Thyssenkrupp will lay off 11,000 people to stop losses rising to 1.6 billion euros
German conglomerate Thyssenkrupp plans to cut another 5,000 jobs, in addition to previously announced layoffs of 6,000 employees, to stem rising losses of € 1.6 billion in the last fiscal year.
The company said it plans to make a decision on what to do with its struggling steel business next spring after the division suffered losses of nearly a billion euros as the COVID-19 pandemic hit steel demand. ...
Shares of the company, which have already fallen by about 60% this year, have lost more than 7% of their value after this announcement, while analysts said that the prospects for next year are disappointing.
“We reject sweeping group-wide emission reduction programs. For us, this is preventing forced layoffs and preserving as many sites and jobs as possible, ”said Jürgen Kerner, Chief Treasurer of Germany's largest union IG Metall and Deputy Chairman of the Supervisory Board of Thyssenkrupp.

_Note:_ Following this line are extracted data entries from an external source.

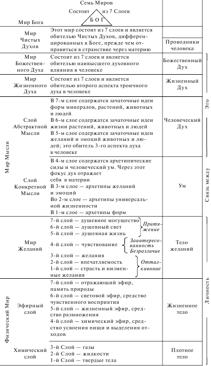 Диаграмма 1. Относительное постоянство видимого и невидимого миров (Иллюстрируется на примере со стереопроектором) Весь слой Абстрактной Мысли отражается в мире Желаний; мир Жизненного Духа — в Эфирном слое Физического мира; мир Божественного Духа — в Химическом слое Физического мира. Диаграмма 2 дает исчерпывающее представление о семи мирах, являющихся сферой нашего развития, но мы должны четко усвоить, что эти миры находятся не один над другим, как показано на диаграмме. Они пронизывают друг друга. Когда мы сравнили Физический мир с миром Желаний, мы уподобили мир Желаний силовым линиям в замерзающей воде, а саму воду — Физическому миру. Так же можно уподобить силовые линии любому из семи миров, тогда вода, как в нашем примере, соответствует ближайшему, более плотному миру. Следующая иллюстрация поможет прояснить этот предмет.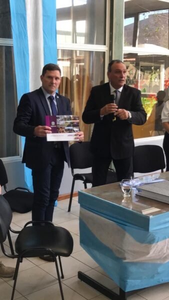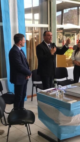 Tras la lectura del estado económico y financiero de la Comuna a cargo de la Contadora María de los Ángeles Peralta, y posterior firma de Olaeta y Bouvier, el intendente saliente hizo uso de la palabra repasando su gestión. En su alocución obsequió al nuevo intendente un libro con información sobre sus 8 años como intendente, las llaves del Palacio Municipal con un llavero con el logo del Frente de Todos por un lado y otro con el escudo radical, en alusión a las dos fuerzas que gobernaron Arrecifes tras el retorno de la democracia, hace 40 años. Por último, también entregó el escudo de la ciudad. (Vea el discurso haciendo click aqui)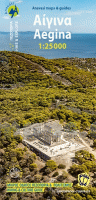 Beidseitig bedruckte Karte von der griechischen Insel Ägina. Die Rückseite enthält eine Übersicht der Insel mit entsprechenden Bezugspunkten zu touristischen Highlights. Blattübersicht der ANAVASI-Karten: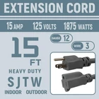 Outdoor Extension Cord - 12/3 SJTW Heavy Duty Grey Extension Cable with 3 Prong Grounded Plug - Power Cord for Lawn, Garden, Appliances Description and features 【Heavy Duty Extension Cord】- 15 amps, 125 volts, 1875 watts, 5-15P/R, 12 gauge heavy duty cord with pure copper wire. 【Indoor/Outdoor Power Cord】- Temperature Range: -40°F to +140°F, flexible vinyl jacket protects cords against moisture, abrasion and direct sunlight. 【Safe Cable】- UL Listed, 3 prong grounded plug for added safety. Reinforced blades protect prongs from bending or breaking. Remain flexible and tangle-free under all weather conditions and wouldn’t become stiff or crack in cold weather. 【Wide Usage】 - Perfectly for your household appliances, generator, HEV, DIY electric tools, lawn mower, pressure washer, pressure washer, Christmas and Spooky Halloween light system. 【Satisfaction Guaranteed】- We stands for the highest quality worry-free product and customer satisfaction. If you are not satisfied with our product in any way, we offer an easy return policy. Return Policy ⦿ All our products come with a 30-Day Return Policy. If you would like to return your item and you are within 30 days of the purchase, and it is still in its original condition, you can return the item by contacting us through eBay messaging. ⦿ If you are not 100% satisfied, please let us know the Detailed Problem,We will give you a 100% satisfactory solution ⦿ If you received an incorrect, damaged, defective, or item not as described, contact us for a partial/full refund or replacement on our cost. ⦿ Free Shipping and Free Return 30-Days Money Back Guarantee. ☎ For all returned products, buyers MUST contact us for the returning address. Shipping ⦿ We do not ship to a different address. we will ship to the address you provide on the ebay only. Please check your address before purchase. ⦿ It should take 2-4 business days for the product to reach your destination. ⦿ If the product doesn't reach your destination within the time limit, please give it an additional 1-2 business days in case of postal delays and/or possible technical issues. ⦿ We use a selection of shipping services such as UPS, FedEx, USPS etc. ⦿ We ship only to the 48 contiguous states of America. We do not ship to Hawaii, Alaska, US Protectorates, APO/FPO addresses. Local pickups are not offered. ☎ If it takes any longer than that, please do not hesitate to contact us to resolve the issues. Contact us ☎ Please contact us via eBay message. And your message will be replied within 1 business days. For any queries, please feel free to contact us, we will get back to you as quickly as possible. Customer 100% satisfaction is our first priority and goal. We are always working hard for maintain high standards of excellence and resolve your problem in best way. So your POSITIVE FEEDBACK is very important. If you have any problem of the item, please feel free to let us know before leaving your feedback. We will try our best to solve your problem. About us We are here to give you quality products, competitive pricing and amazing service in order to make sure you get the best deal online, Thank you for your business and the opportunity to serve you.
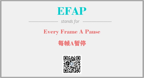 上述内容是“Every Frame A Pause”作为“EFAP”的缩写,解释为“每帧A暂停”时的信息,以及英文缩略词EFAP所代表的英文单词,其对应的中文拼音、详细解释以及在英文中的流行度和相关分类、应用领域及应用示例等。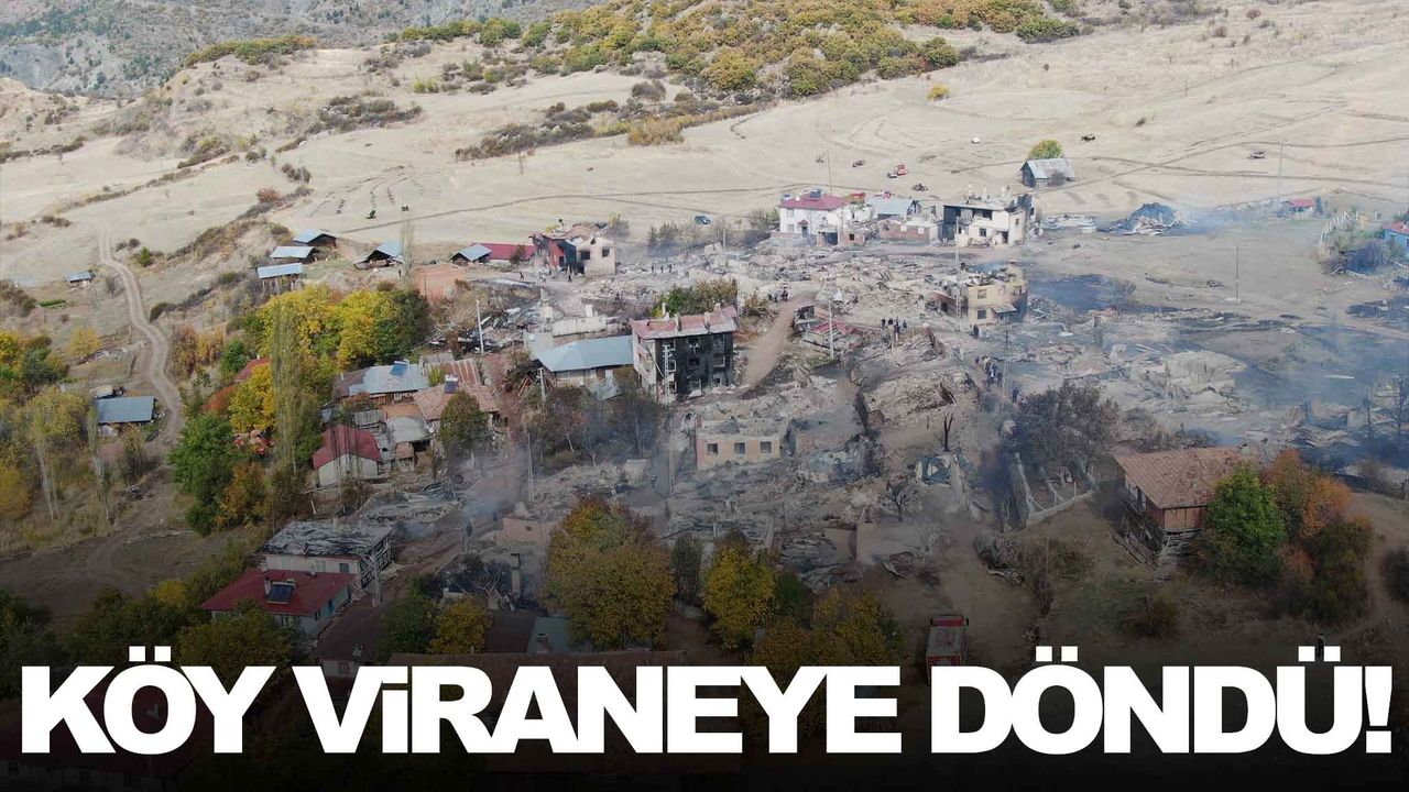 47 evin yandığı köy, adeta savaş alanını aratmazken yanan evlerin enkazı ise havadan görüntülendi.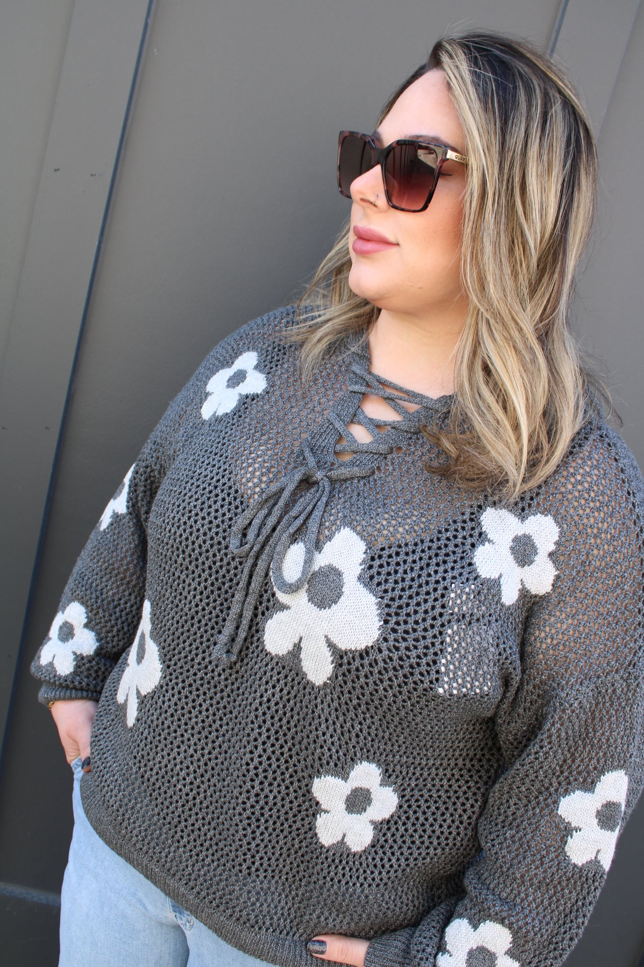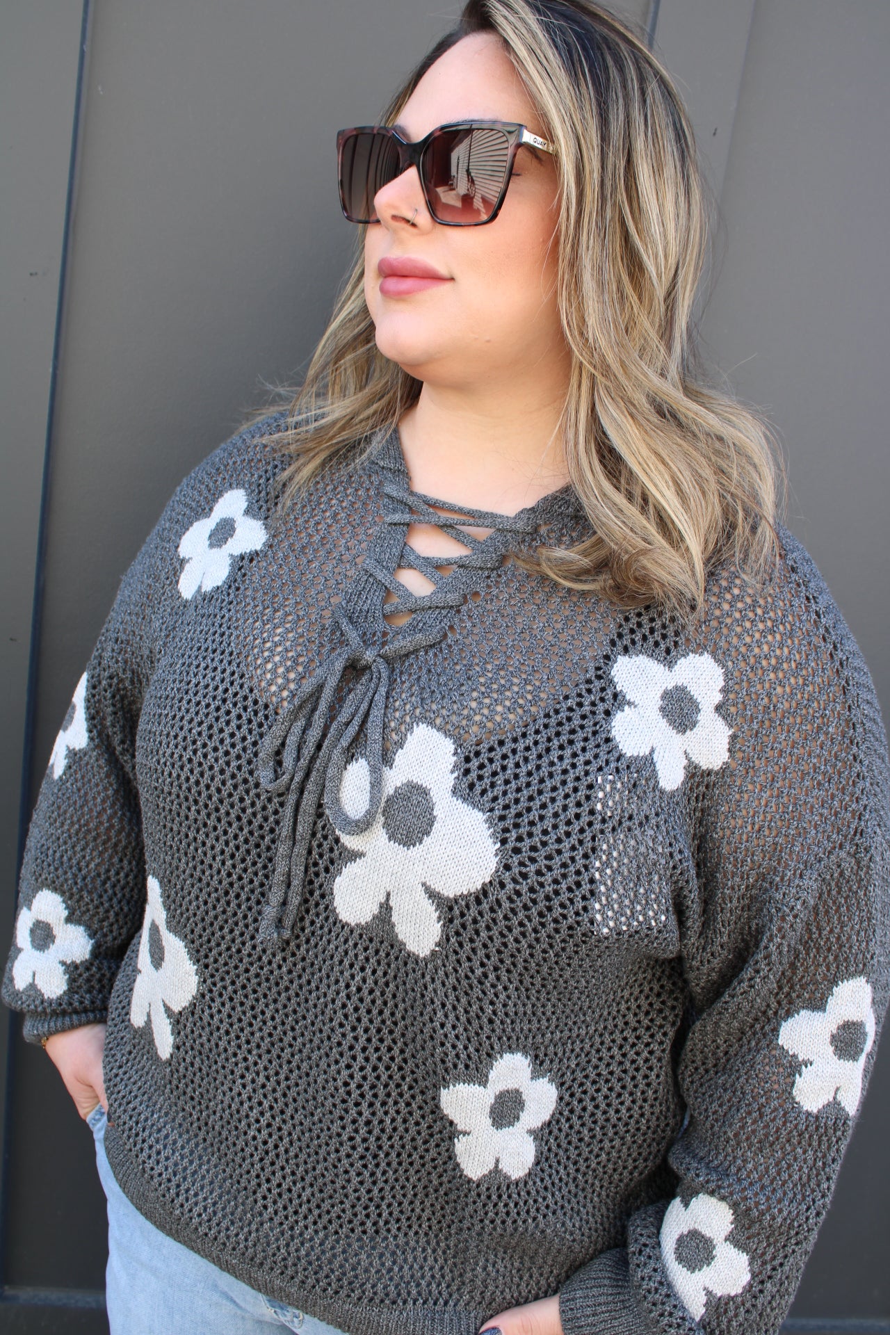 This lightweight crochet knit features beautiful floral detailing that gives it that effortless boho vibe we all love. The airy design makes it perfect for spring days, keeping you comfortable without feeling heavy, while the relaxed fit gives it that easy, throw-on-and-go feel. The charcoal color adds a modern edge and makes it super versatile for everyday wear.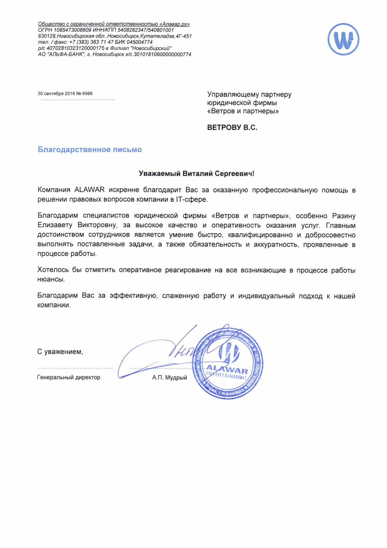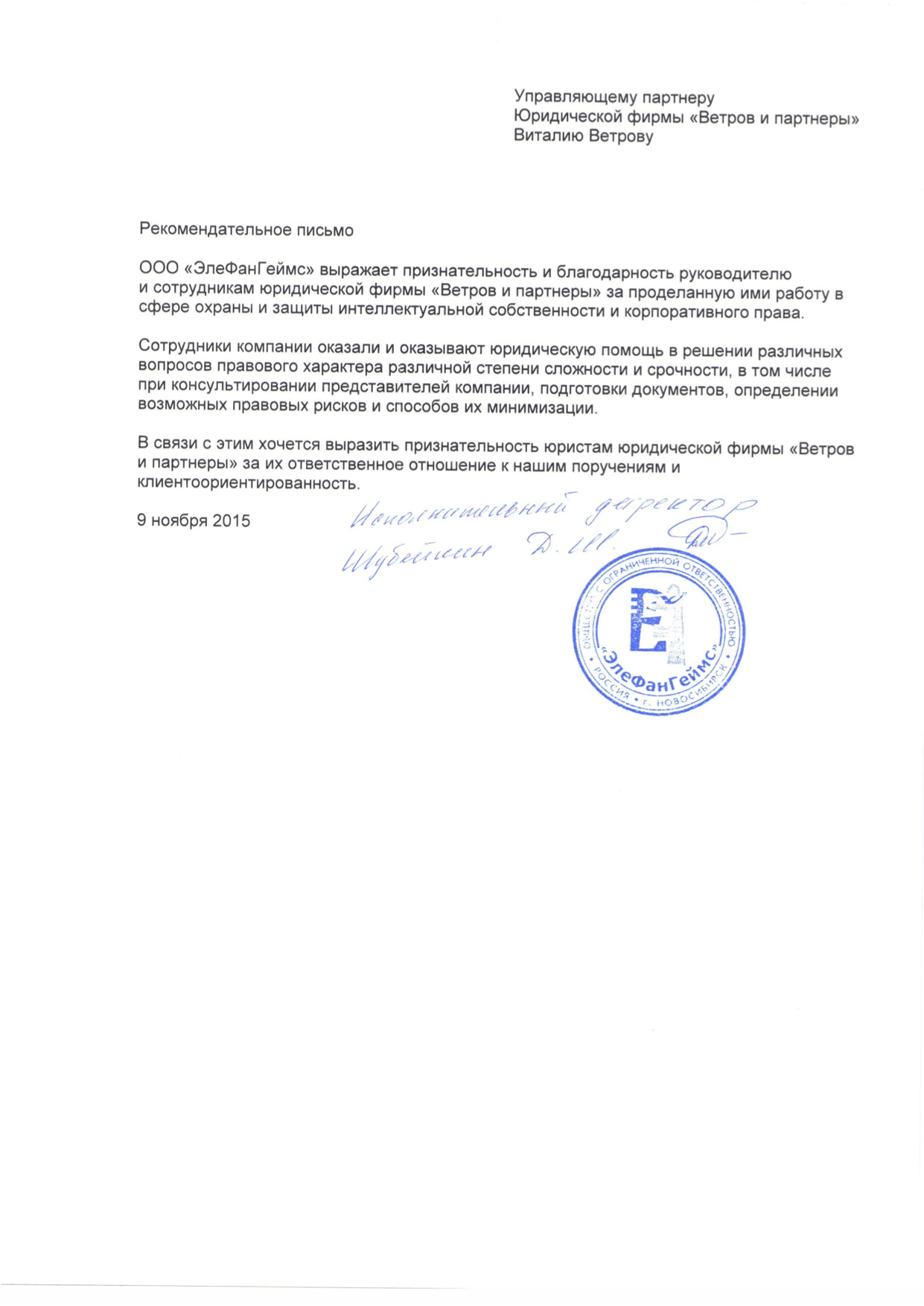 Отзывы и рекомендации о юристах юридической фирмы "Ветров и партнеры"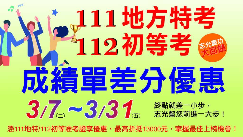 ※地特五等、地特四等考取生晉升專案:志光全力輔考,讓您最安心最優惠~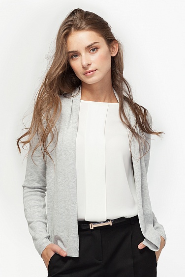 Жакет выполнен из тонкой вискозной пряжи. Спереди широкие планки переходящие в ворот-шаль. По низу рукавов манжет связанный эластичной резинкой.

Commenting on the new wave of layoffs, ThyssenKrupp's head of human resources, Oliver Burkhard, said the company "is undergoing one of the largest business restructurings in ThyssenKrupp's history."
Thyssenkrupp, which also makes ships, car parts and trades in industrial materials, has already laid off 3,600 jobs since announcing the first cuts last year.
To help finance the restructuring and reduce debt, Thyssenkrupp sold its elevator business to private equity firms last year for more than € 17 billion, and the company is still in a difficult situation.
Thyssenkrupp tried to set up a joint venture for its steel business with India's Tata Steel, but the deal was blocked by Brussels last year under antitrust laws.
Thyssenkrupp, which has also held talks with Swedish steelmaker SSAB, is currently reviewing an optional indicative offer from British Liberty Steel to sell steel mills in Europe.